## [WORK INSTRUCTIONS]
The line with "Слайд 31 Они" marks the first line to copy, and the line with "Een optocht van" marks the last. Transcribe that stretch of the data below exactly, without pictures.

## [DATA UNDER STUDY]
——
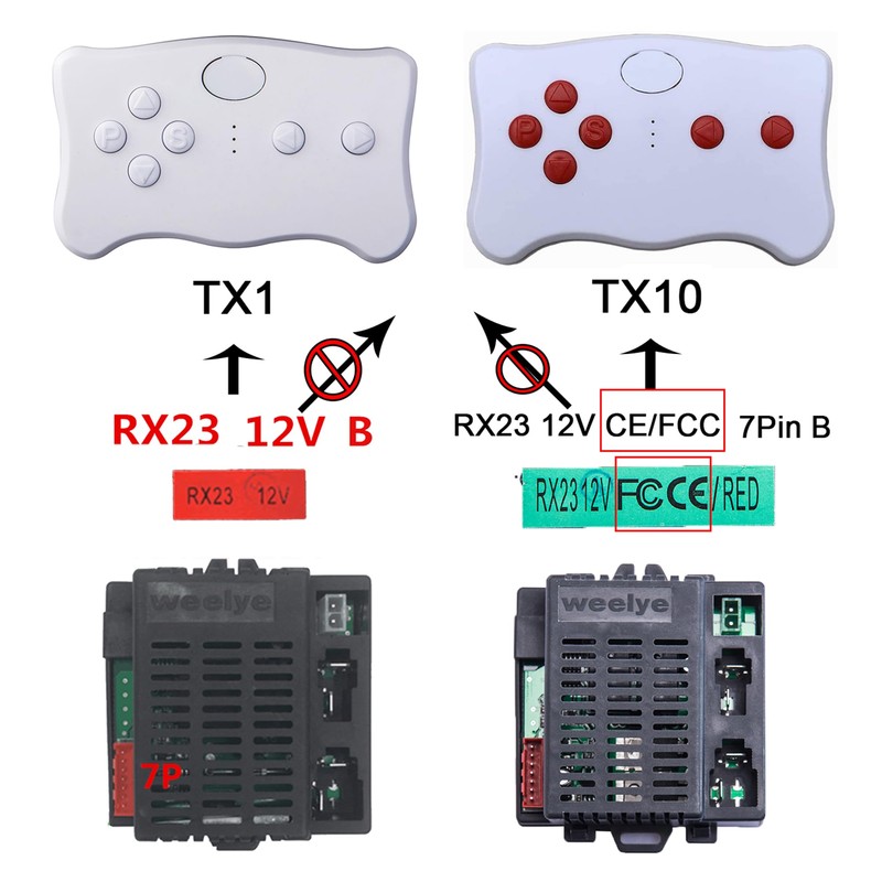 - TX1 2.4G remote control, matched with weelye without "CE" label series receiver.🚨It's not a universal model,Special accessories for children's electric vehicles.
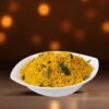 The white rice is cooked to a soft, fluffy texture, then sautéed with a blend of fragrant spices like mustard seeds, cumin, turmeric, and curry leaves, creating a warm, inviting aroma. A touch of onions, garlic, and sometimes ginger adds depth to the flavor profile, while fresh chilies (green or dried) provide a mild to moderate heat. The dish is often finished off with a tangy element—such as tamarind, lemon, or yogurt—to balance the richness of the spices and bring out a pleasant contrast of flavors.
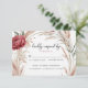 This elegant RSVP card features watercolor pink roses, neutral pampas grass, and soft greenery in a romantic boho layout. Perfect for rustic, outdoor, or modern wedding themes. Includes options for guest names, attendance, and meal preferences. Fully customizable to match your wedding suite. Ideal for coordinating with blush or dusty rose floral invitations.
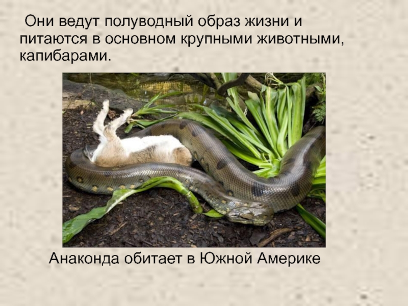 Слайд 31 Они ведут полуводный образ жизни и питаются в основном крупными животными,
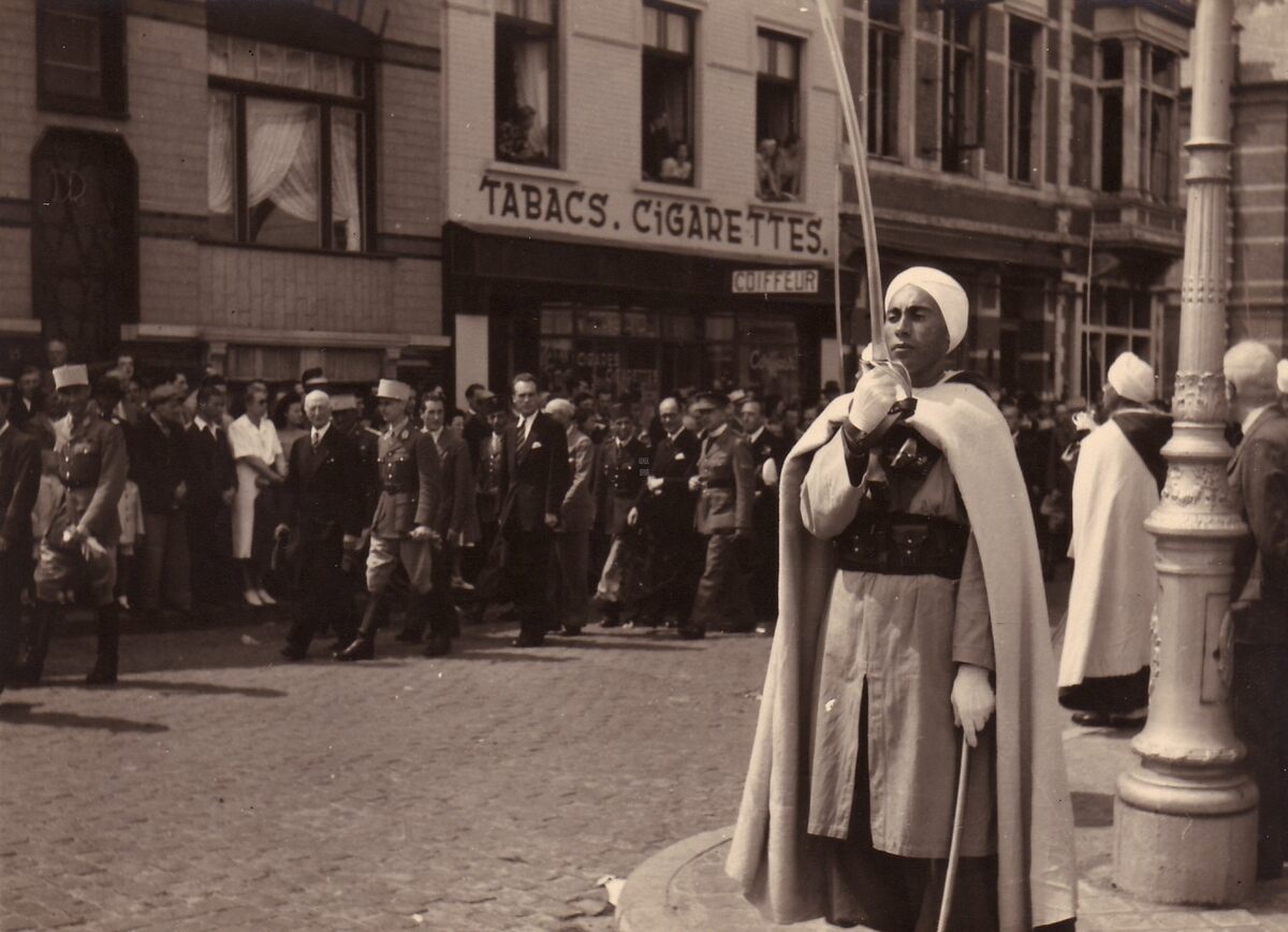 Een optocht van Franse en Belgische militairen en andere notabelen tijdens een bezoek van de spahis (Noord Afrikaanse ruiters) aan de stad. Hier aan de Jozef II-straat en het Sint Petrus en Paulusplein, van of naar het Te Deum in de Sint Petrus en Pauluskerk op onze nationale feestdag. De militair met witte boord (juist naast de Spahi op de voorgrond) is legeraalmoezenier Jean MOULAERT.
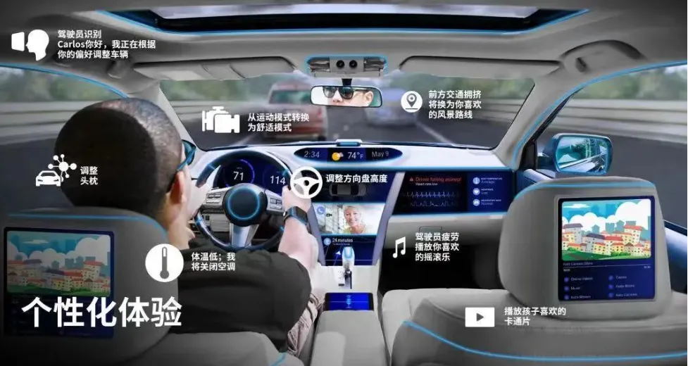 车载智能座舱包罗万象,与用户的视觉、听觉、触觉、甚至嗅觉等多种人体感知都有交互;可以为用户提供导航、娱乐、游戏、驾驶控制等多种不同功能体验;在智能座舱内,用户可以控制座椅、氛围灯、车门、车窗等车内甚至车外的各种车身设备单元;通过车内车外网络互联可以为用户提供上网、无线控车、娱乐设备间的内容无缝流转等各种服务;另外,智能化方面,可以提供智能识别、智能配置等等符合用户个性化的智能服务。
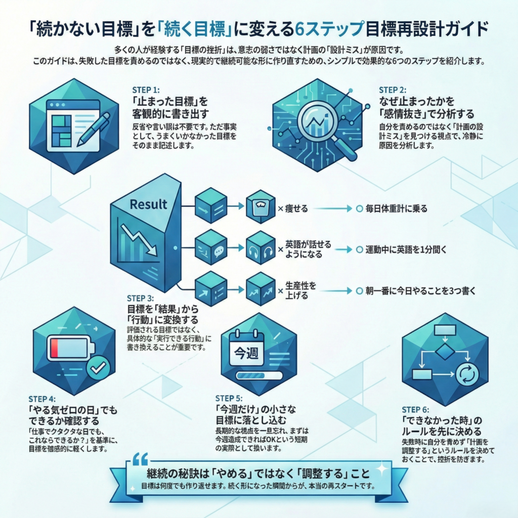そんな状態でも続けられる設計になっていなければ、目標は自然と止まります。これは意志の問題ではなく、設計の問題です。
——
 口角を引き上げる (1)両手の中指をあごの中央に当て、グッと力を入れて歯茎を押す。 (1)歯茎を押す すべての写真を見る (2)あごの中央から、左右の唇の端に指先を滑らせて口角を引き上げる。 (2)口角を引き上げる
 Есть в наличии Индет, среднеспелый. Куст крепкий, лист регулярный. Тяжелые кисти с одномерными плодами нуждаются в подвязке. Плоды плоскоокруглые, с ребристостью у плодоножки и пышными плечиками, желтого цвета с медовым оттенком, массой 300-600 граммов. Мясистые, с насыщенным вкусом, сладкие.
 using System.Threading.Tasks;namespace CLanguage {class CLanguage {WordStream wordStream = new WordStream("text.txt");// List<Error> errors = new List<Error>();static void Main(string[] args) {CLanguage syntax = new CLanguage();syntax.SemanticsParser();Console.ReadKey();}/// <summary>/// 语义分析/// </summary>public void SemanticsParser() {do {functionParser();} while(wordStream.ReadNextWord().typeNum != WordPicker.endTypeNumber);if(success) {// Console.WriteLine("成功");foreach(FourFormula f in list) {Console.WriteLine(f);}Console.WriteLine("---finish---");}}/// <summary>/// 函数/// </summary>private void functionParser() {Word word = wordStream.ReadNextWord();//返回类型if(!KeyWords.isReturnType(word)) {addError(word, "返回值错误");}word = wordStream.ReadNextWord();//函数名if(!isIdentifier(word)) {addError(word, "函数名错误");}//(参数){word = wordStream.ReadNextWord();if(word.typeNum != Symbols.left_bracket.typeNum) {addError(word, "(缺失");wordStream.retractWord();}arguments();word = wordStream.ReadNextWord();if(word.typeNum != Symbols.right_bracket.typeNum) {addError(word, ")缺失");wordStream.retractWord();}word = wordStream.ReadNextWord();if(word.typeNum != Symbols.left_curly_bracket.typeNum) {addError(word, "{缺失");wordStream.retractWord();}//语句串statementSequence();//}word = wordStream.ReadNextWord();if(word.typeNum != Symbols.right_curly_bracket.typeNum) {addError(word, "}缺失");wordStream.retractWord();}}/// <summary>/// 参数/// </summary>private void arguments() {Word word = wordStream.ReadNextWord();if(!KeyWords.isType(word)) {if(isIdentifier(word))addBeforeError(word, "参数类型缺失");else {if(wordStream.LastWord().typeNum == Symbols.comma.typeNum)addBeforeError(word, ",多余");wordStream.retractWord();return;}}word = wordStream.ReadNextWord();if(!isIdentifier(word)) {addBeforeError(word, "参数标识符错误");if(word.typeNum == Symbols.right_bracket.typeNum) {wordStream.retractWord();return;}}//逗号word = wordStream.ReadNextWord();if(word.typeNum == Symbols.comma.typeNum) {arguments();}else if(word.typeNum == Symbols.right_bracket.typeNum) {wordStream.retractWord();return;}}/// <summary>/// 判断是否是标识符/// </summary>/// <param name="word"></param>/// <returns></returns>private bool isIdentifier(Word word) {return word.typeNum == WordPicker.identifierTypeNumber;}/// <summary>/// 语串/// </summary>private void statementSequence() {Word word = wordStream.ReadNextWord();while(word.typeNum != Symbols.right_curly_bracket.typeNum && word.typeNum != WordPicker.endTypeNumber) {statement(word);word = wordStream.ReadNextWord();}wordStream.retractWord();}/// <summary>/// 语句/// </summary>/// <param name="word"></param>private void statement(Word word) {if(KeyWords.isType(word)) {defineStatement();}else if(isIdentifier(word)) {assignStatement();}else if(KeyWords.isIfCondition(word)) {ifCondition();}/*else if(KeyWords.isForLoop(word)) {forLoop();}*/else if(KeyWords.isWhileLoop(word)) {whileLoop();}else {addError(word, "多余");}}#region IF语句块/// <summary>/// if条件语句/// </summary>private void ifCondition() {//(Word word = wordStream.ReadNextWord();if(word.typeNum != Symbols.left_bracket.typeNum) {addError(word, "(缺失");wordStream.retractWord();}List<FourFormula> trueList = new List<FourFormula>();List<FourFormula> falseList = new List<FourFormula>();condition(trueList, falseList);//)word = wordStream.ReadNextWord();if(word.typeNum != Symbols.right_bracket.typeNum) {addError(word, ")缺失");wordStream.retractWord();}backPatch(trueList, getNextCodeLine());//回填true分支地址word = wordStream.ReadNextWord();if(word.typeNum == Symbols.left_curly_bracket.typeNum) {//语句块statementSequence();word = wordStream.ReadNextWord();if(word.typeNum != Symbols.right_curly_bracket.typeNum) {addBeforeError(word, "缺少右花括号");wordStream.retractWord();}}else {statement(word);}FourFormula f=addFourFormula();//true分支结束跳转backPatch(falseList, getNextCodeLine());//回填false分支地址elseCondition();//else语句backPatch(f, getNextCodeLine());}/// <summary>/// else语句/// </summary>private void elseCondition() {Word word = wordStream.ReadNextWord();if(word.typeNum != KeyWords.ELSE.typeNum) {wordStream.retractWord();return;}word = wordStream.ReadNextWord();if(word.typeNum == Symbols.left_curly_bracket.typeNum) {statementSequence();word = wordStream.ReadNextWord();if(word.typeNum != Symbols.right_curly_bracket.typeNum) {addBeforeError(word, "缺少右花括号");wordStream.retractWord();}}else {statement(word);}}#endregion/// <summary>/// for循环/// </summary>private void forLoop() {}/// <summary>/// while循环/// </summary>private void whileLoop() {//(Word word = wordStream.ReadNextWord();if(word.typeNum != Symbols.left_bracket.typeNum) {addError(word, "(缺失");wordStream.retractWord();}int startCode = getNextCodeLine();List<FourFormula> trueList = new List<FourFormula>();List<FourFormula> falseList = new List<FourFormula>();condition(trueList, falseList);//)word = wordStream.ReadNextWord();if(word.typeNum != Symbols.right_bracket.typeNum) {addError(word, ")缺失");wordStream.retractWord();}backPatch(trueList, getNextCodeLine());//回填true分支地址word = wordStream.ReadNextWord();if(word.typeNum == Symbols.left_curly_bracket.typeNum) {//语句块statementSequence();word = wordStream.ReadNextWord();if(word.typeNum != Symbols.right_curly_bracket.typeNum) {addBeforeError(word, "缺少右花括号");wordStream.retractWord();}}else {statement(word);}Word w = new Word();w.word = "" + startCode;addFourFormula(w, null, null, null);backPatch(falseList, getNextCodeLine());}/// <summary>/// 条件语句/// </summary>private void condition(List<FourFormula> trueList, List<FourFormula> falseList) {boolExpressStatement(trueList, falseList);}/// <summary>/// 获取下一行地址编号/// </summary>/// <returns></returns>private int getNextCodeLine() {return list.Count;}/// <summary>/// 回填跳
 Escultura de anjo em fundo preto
——
## [RESPONSE FOR THIS EXERCISE]
 Слайд 31 Они ведут полуводный образ жизни и питаются в основном крупными животными,
 Een optocht van Franse en Belgische militairen en andere notabelen tijdens een bezoek van de spahis (Noord Afrikaanse ruiters) aan de stad. Hier aan de Jozef II-straat en het Sint Petrus en Paulusplein, van of naar het Te Deum in de Sint Petrus en Pauluskerk op onze nationale feestdag. De militair met witte boord (juist naast de Spahi op de voorgrond) is legeraalmoezenier Jean MOULAERT.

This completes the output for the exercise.